Paper NS+NC-TuA12
Tailoring Emission Properties of Nano Rare Earth Doped Oxides

Tuesday, October 21, 2008, 5:20 pm, Room 311

Ceria (CeO2) is a rare earth metal oxide known for possessing less toxicity than many other metal oxides. Although the beneficial therapeutic properties of ceria nanoparticles have been explored, poor emission properties limit its application in imaging. The continuing quest to understand the interaction of ceria nanoparticles with cell requires better luminescent property of ceria, for which a nanoscale manipulation by doping has been reported. Europium is known for its strong emission and its atomic radii being close to that of cerium favors extensive solid solubility in ceria lattice. A systematic approach has been used to optimize emission intensity by varying the dopant concentration and annealing temperature. The doped oxide particles were synthesized by room temperature chemical precipitation technique. The size and morphology of the particles were characterized by high-resolution transmission electron microcopy (HRTEM). Strain induced on doping was calculated through X-ray Diffraction (XRD) from Williamson-Hall plot and is found to increase with the amount of dopant and decreases with annealing temperature. The emission property of europium doped ceria nanoparticles were studied by photoluminescence spectra. In order to disseminate the influence of surface chemical species, oxidation state, oxygen vacancy and strain on emission, X-ray photoelectron (XPS), Raman and Infra-red (IR) spectral characterizations were carried out. XPS results indicated that the ratio of Ce3+/Ce4+increases with dopant concentration and decreases with annealing temperature. Raman studies show a progressive shift to the higher energy due to local symmetry ordering with the temperature. Emission intensity varies with the wavelength of excitation and observed transitions indicate the presence of Eu3+ in different symmetry environments. The photoluminescence was found to be optimum at 15mol% Eu doped ceria and gets quenched with further doping concentration.
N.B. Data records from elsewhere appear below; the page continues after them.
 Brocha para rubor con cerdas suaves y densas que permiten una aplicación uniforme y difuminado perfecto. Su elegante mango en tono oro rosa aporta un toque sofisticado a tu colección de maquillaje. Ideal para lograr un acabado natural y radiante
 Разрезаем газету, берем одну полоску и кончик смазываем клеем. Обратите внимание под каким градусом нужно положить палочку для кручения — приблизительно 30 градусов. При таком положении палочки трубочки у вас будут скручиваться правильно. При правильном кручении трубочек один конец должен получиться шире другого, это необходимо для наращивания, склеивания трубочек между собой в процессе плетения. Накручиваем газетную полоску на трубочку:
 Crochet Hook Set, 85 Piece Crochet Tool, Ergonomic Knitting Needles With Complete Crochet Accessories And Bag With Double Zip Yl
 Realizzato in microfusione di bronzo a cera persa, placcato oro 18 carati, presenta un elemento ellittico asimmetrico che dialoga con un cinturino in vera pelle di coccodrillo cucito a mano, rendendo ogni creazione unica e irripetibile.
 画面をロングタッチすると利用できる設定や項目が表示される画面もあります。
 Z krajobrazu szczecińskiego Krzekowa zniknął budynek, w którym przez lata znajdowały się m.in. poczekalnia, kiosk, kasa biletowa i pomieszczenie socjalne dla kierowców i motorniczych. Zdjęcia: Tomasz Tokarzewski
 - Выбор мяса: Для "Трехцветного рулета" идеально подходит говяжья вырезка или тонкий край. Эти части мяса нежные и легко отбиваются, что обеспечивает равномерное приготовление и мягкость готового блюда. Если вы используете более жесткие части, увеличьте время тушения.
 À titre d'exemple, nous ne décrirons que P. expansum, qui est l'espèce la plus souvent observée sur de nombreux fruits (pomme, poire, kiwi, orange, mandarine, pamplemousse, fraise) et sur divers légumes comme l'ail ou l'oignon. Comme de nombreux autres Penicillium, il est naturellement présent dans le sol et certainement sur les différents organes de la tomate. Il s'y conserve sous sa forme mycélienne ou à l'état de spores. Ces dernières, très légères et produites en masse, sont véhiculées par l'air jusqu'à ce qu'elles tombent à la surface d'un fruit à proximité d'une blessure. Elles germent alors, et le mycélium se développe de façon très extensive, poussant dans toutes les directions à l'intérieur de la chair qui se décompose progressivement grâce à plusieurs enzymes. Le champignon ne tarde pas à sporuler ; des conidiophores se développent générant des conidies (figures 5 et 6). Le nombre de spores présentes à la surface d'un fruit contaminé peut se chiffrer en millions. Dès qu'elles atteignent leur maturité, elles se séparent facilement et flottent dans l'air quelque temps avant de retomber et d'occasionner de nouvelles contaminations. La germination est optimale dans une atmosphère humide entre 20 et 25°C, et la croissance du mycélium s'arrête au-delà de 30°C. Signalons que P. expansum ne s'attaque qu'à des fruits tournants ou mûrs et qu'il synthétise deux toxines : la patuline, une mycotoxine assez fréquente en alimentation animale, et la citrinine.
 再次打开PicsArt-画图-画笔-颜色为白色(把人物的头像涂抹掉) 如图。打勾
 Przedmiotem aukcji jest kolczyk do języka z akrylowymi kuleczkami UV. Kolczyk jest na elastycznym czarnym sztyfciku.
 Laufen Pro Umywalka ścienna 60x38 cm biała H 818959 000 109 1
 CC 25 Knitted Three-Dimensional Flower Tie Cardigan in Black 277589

Emission spectrum of the doped cerium oxide reveals peak characteristic to energy transfer from host to Eu3+ and this becomes more efficient on annealing. The present results are likely to have a profound impact not only for simultaneous therapeutic and imaging, but also on using ceria as carrier under physiological conditions. The study indicates that the enhanced photoluminescence is related to the manipulation of ceria lattice at nanoscale achieved through doping of suitable element.